• **WORK TO COMPLETE**: Repeat exactly the lines of the material below that run from the "VENTION 威迅 HDMI" line to the "कॉलम, ग्रिड स्ट्रक्चर" line, including both, and do not carry over any pictures.

• **MATERIAL TO PROCESS**:

Start of Block

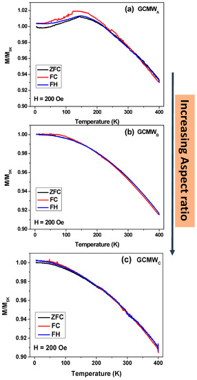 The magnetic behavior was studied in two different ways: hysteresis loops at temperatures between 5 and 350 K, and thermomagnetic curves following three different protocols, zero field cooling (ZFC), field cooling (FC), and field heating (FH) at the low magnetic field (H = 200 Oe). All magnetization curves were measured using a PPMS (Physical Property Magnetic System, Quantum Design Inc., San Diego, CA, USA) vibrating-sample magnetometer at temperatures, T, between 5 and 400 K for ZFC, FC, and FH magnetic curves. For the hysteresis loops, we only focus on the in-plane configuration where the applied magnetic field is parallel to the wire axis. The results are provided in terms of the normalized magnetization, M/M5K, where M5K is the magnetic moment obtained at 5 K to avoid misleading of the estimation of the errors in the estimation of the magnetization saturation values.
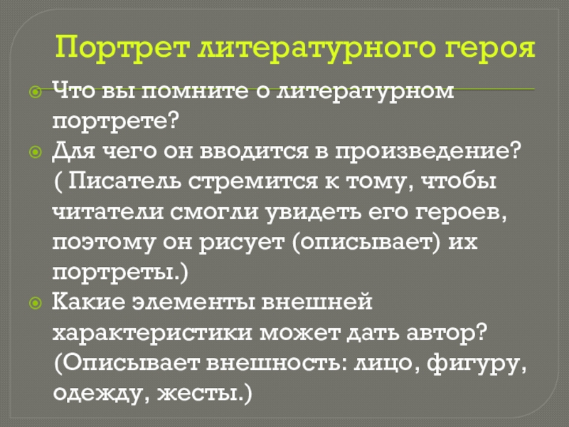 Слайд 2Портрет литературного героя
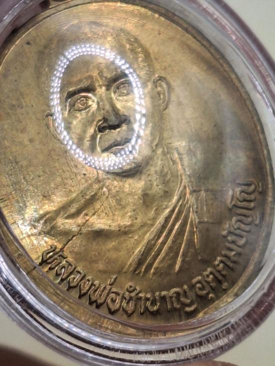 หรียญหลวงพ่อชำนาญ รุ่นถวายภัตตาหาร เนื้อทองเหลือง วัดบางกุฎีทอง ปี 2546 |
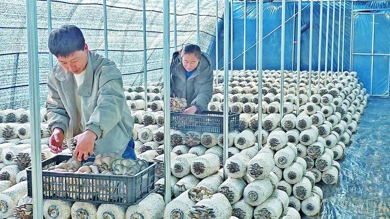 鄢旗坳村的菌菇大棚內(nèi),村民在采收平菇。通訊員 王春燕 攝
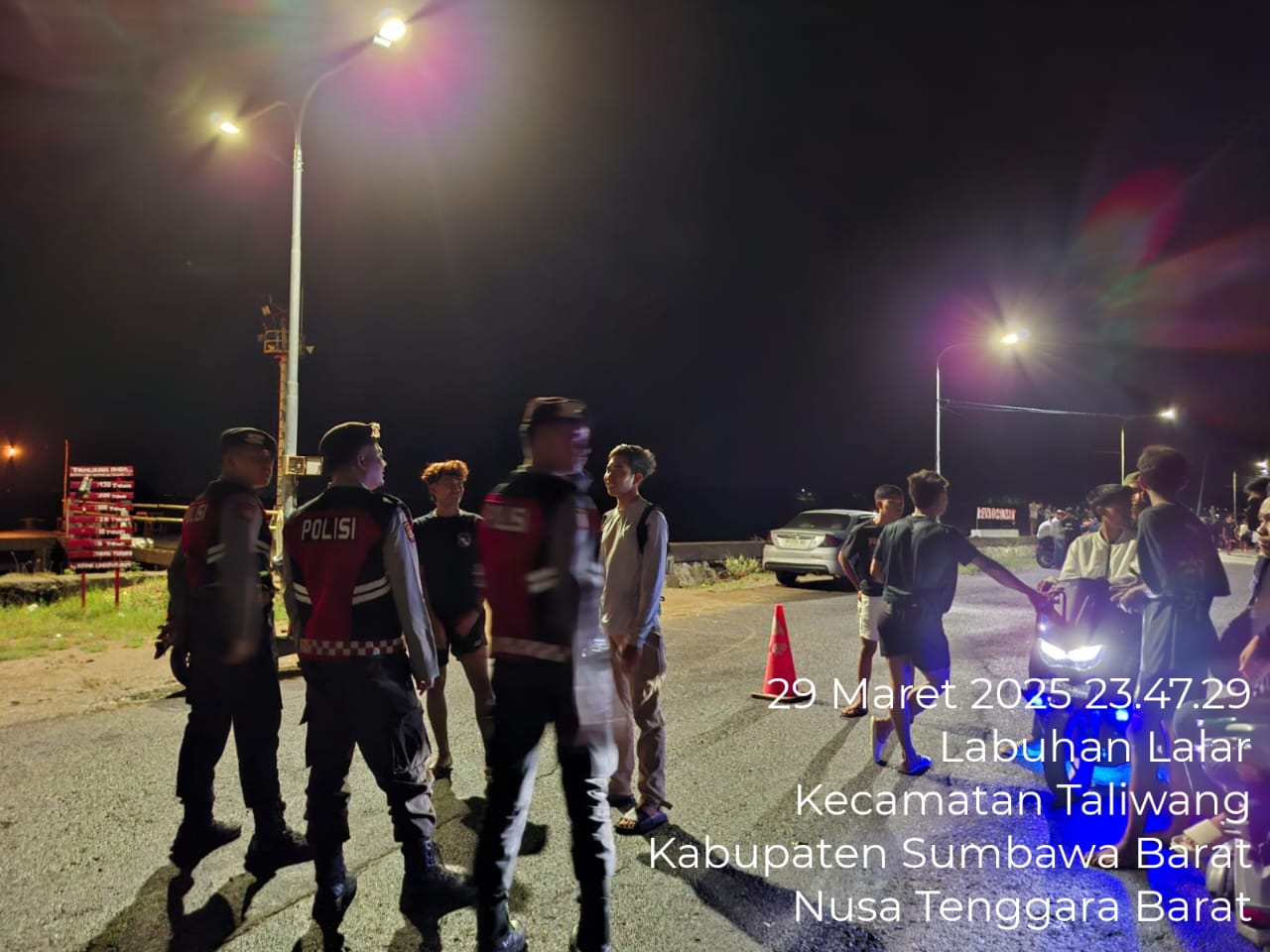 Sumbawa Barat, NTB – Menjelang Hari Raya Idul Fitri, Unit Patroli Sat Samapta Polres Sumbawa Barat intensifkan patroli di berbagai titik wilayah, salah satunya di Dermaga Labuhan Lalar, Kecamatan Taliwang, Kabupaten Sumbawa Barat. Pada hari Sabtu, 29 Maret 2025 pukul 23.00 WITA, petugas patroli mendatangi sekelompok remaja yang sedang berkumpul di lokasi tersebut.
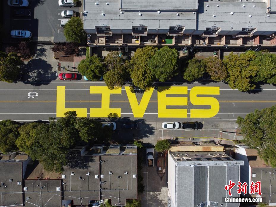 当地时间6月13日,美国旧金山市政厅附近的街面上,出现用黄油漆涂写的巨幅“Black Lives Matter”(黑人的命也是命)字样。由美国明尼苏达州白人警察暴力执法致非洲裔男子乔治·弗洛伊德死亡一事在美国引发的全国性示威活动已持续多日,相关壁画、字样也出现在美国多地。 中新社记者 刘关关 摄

End of Block
Start of Block

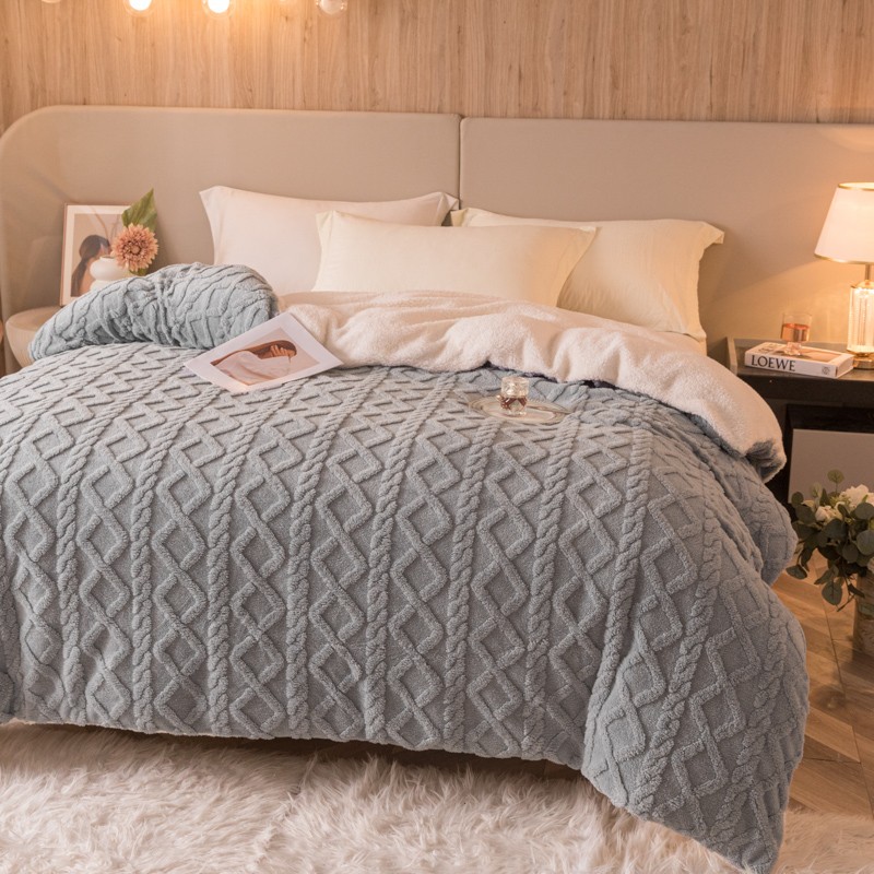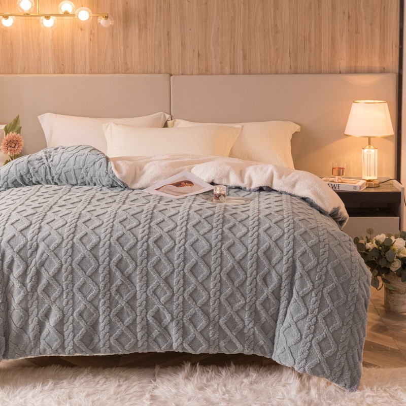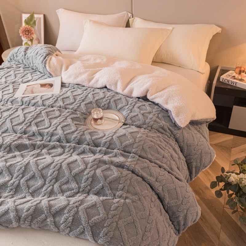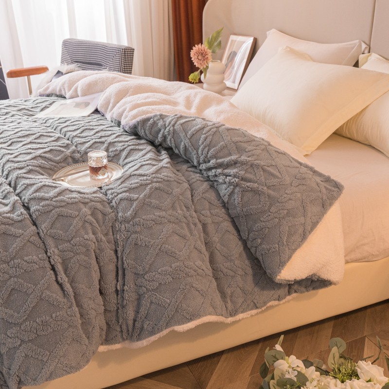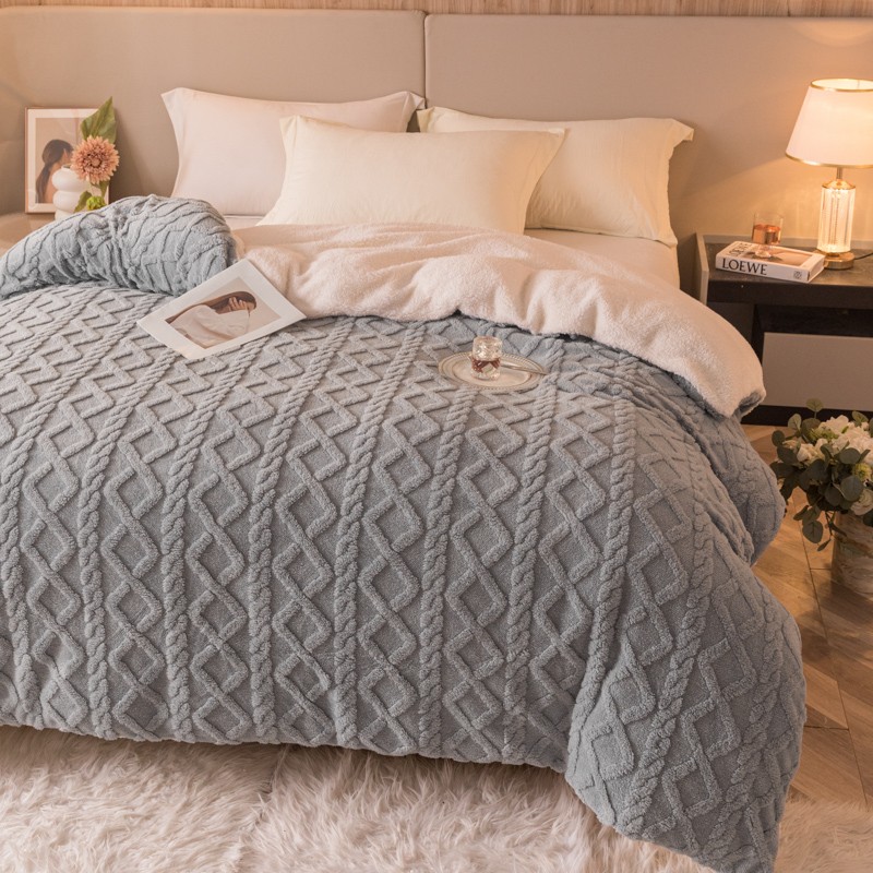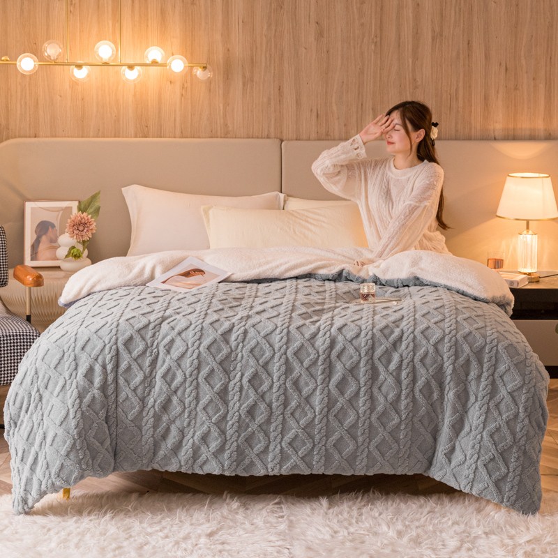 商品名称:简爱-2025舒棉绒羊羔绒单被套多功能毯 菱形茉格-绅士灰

End of Block
Start of Block

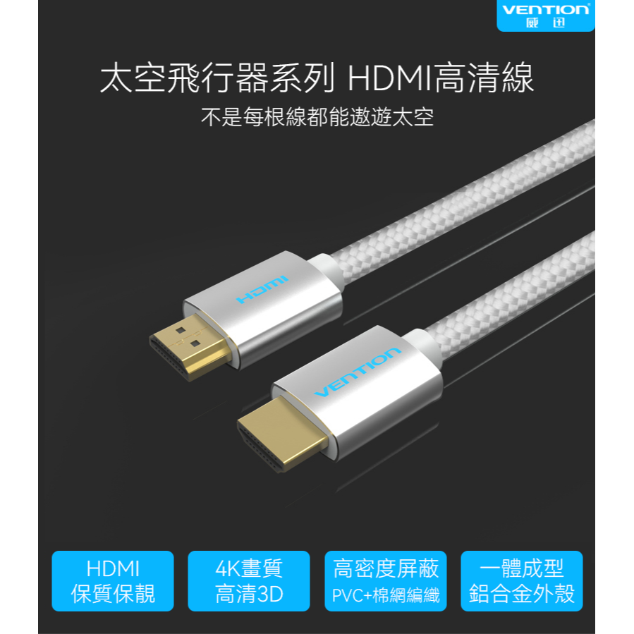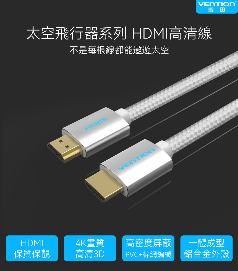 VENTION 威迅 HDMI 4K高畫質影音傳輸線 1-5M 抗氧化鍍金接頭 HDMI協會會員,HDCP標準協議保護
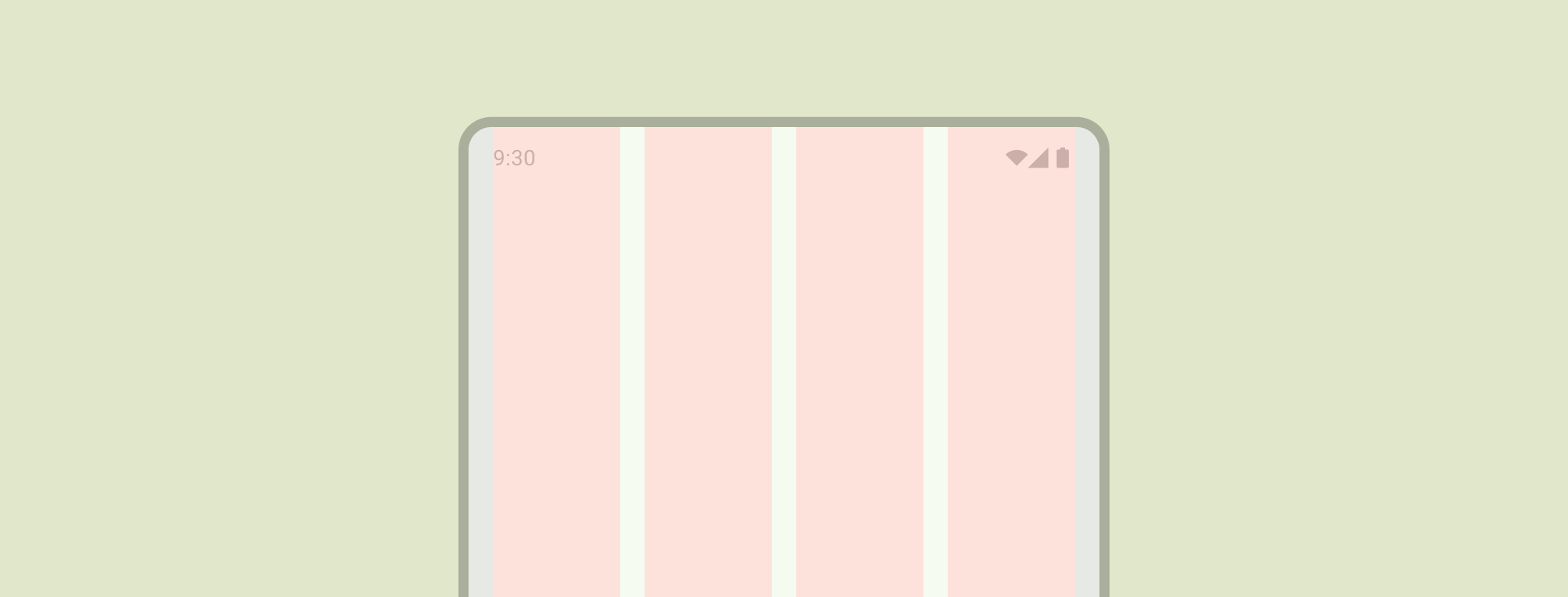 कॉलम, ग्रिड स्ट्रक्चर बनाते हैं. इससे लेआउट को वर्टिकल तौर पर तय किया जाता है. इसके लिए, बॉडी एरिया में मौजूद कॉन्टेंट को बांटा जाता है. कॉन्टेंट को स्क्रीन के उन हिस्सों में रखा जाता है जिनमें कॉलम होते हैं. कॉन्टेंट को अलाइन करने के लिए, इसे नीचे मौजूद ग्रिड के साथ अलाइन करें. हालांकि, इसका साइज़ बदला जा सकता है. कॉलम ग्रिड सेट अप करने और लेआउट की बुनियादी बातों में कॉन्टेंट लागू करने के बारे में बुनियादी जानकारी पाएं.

End of Block

• **EXERCISE RESULT**:
 VENTION 威迅 HDMI 4K高畫質影音傳輸線 1-5M 抗氧化鍍金接頭 HDMI協會會員,HDCP標準協議保護
 कॉलम, ग्रिड स्ट्रक्चर बनाते हैं. इससे लेआउट को वर्टिकल तौर पर तय किया जाता है. इसके लिए, बॉडी एरिया में मौजूद कॉन्टेंट को बांटा जाता है. कॉन्टेंट को स्क्रीन के उन हिस्सों में रखा जाता है जिनमें कॉलम होते हैं. कॉन्टेंट को अलाइन करने के लिए, इसे नीचे मौजूद ग्रिड के साथ अलाइन करें. हालांकि, इसका साइज़ बदला जा सकता है. कॉलम ग्रिड सेट अप करने और लेआउट की बुनियादी बातों में कॉन्टेंट लागू करने के बारे में बुनियादी जानकारी पाएं.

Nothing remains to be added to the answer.